Hari ini saya membawakan materi dalam sebuah acara yang diadakan oleh Dinas yang berhubungan dengan pemuda. Nama ini disingkat dengan sangat baik, DISPORA, Dinas Pemuda dan Olahraga. Entah mungkin maksudnya hanya pemuda yang wajib berolahraga atau karena atlet-atlet yang ada saat ini adalah pemuda. Jangan tanya kenapa namanya bukan Dinas pemuda dan pemudi. Untuk yang terakhir, saya tak tahu juga alasannya apa.
Undangan saya terima kemarin, tepatnya sms dan telpon. Undangan resminya tak saya terima. Petugas pengantar undangan katanya sedang sibuk dan banyak urusan, makanya undangan untuk saya tak bisa diantar.
Saya diminta membawakan materi tentang negotiation skills. Sebuah materi klasik sebenarnya. Saya tak tahu apa relevansi materi ini, terlebih lagi tema besar pelatihan ini juga tak saya ketahui. Yang pasti, demi menjaga nama baik seorang kawan, saya iyakan saya dan menerima undangan ini.
Oh yah, acara ini diadakan di sebuah hotel bintang lima di Makassar. Hotel lama yang direnovasi dan berganti nama. Mewah betul hotel ini, begitu pikirku ketika tiba di lobby hotel. Saya tiba jam 8, takut terlambat karena undangannya jam 9. Tapi hingga pukul 8.45, tidak ada konfirmasi dari panitia dan juga ternyata ruangan yang kemarin diberitahukan kepada saya ternyata dipindahkan. Tahu ruangan apa yang akhirnya dipakai, sebuah ruangan besar bernama presidential suite. Wuih...

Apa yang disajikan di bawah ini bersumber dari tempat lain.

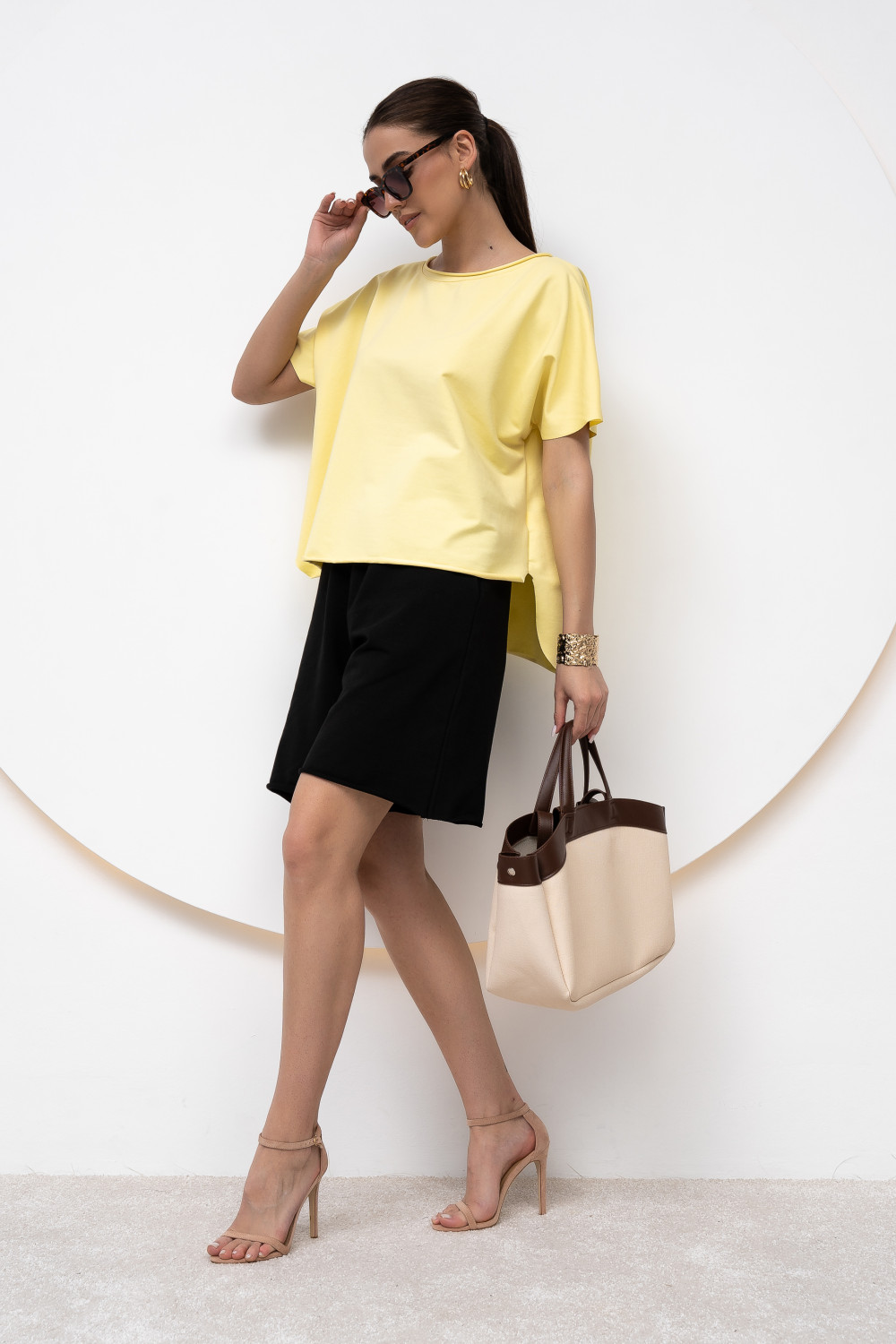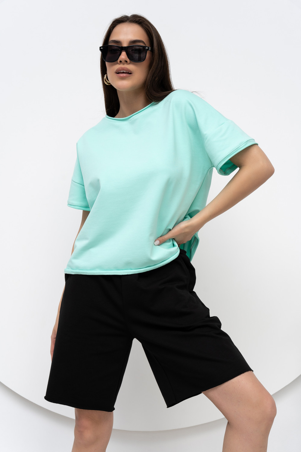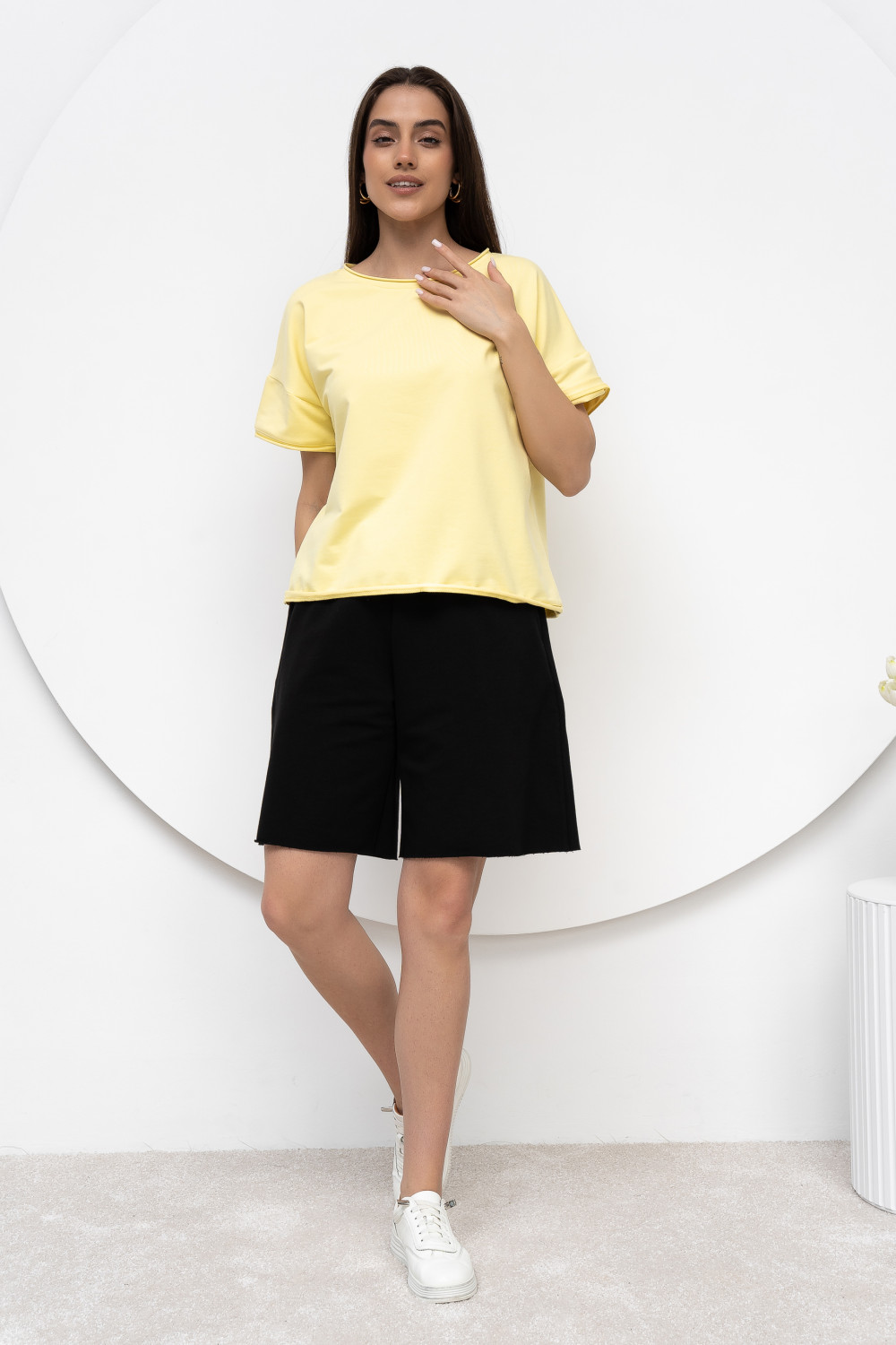 Шорты длиной чуть выше колена выполнены из хлопкового футера с высокой посадкой и карманами в боковых швах. Отстрочка по центру на передней половинке шорт придают особый шик. Выглядит это очень эффектно и стильно. Модель универсальна и сочетается, как с толстовками, свитшотами, так и с футболками.
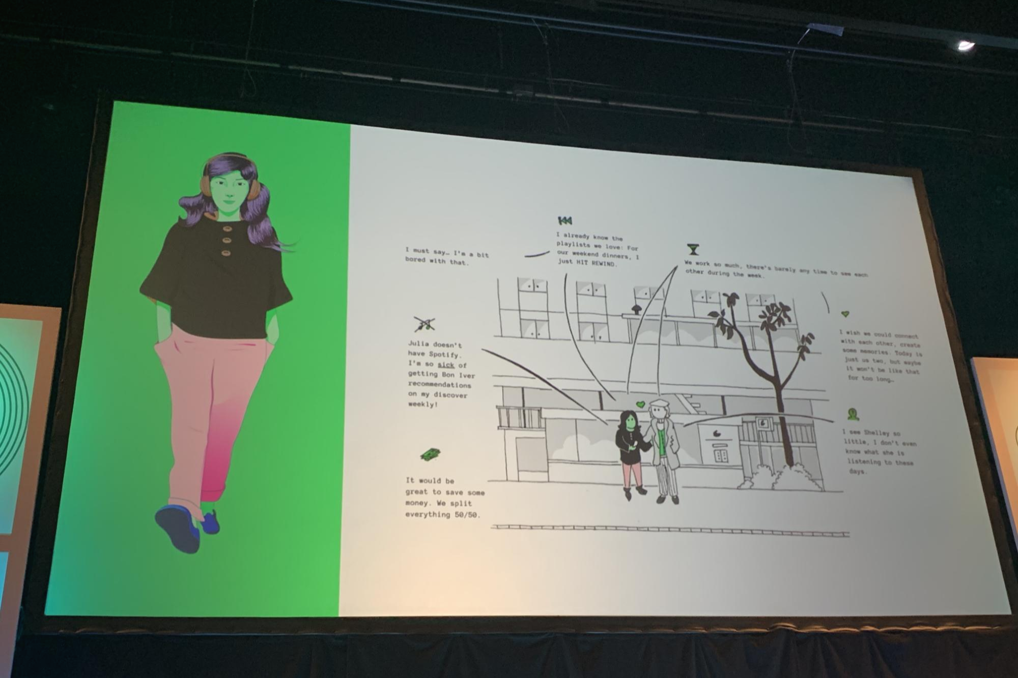 첫 번째 사례인 '프리미엄 듀오'는 두 사람의 계정을 연결하여 플레이리스트를 함께 쓰고 요금도 함께 낼 수 있게 하는 멤버십 프로그램입니다. 이 프로젝트의 브리프를 받은 후, 그의 팀은 이 프로젝트를 리드하는 팀으로써 이 프로젝트가 어떤 사용자 경험을 가져야 하는지 다른 팀들이 참고할 수 있는 수준으로 빠르게 가시화하고 싶었다고 합니다. 그래서 프리미엄 듀오가 어떤 잠재력을 가지고 있는지 보여주는 스토리보드를 그리는 일에 가장 먼저 착수했습니다. 스포티파이의 기존 퍼소나에 새 서비스에 대한 맥락을 추가하는 방식으로 작업을 시작했다고 하는데요. 기존 퍼소나는 회사의 모든 구성원에게 친숙하기 때문에 퍼소나에 대해 별도로 설명할 필요가 없었다고 합니다.
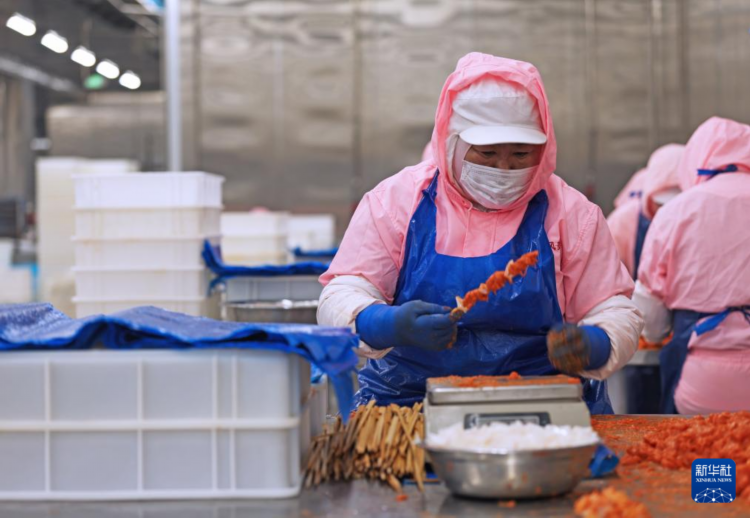 3月11日,在鞍山丰盛食品有限公司,工人在车间加工处理鸡肉串。

Saaat masuk ruangan, baru 5 orang peserta yang hadir, dari sekitar 40-an yang terdaftar. Maka kami pun menunggu peserta yang lain. Setelaha sekian lama, satu per satu dari mereka pun hadir, yang sayangnya, banyak dari mereka yang jujur saja, tak bisa lagi dikategorikan pemuda. Entahlah, ketegorisasi pemuda di negeri ini memang unik. hampir semua organisasi pemuda, yang resmi dan memiliki sekretariat yang dibiayai negara, dipimpin oleh mereka yang tak layak lagi disebut pemuda. Atau kalau toh pemuda, entah indikator apa yang kemudian dipakai untuk mentasbihkan kategori ini.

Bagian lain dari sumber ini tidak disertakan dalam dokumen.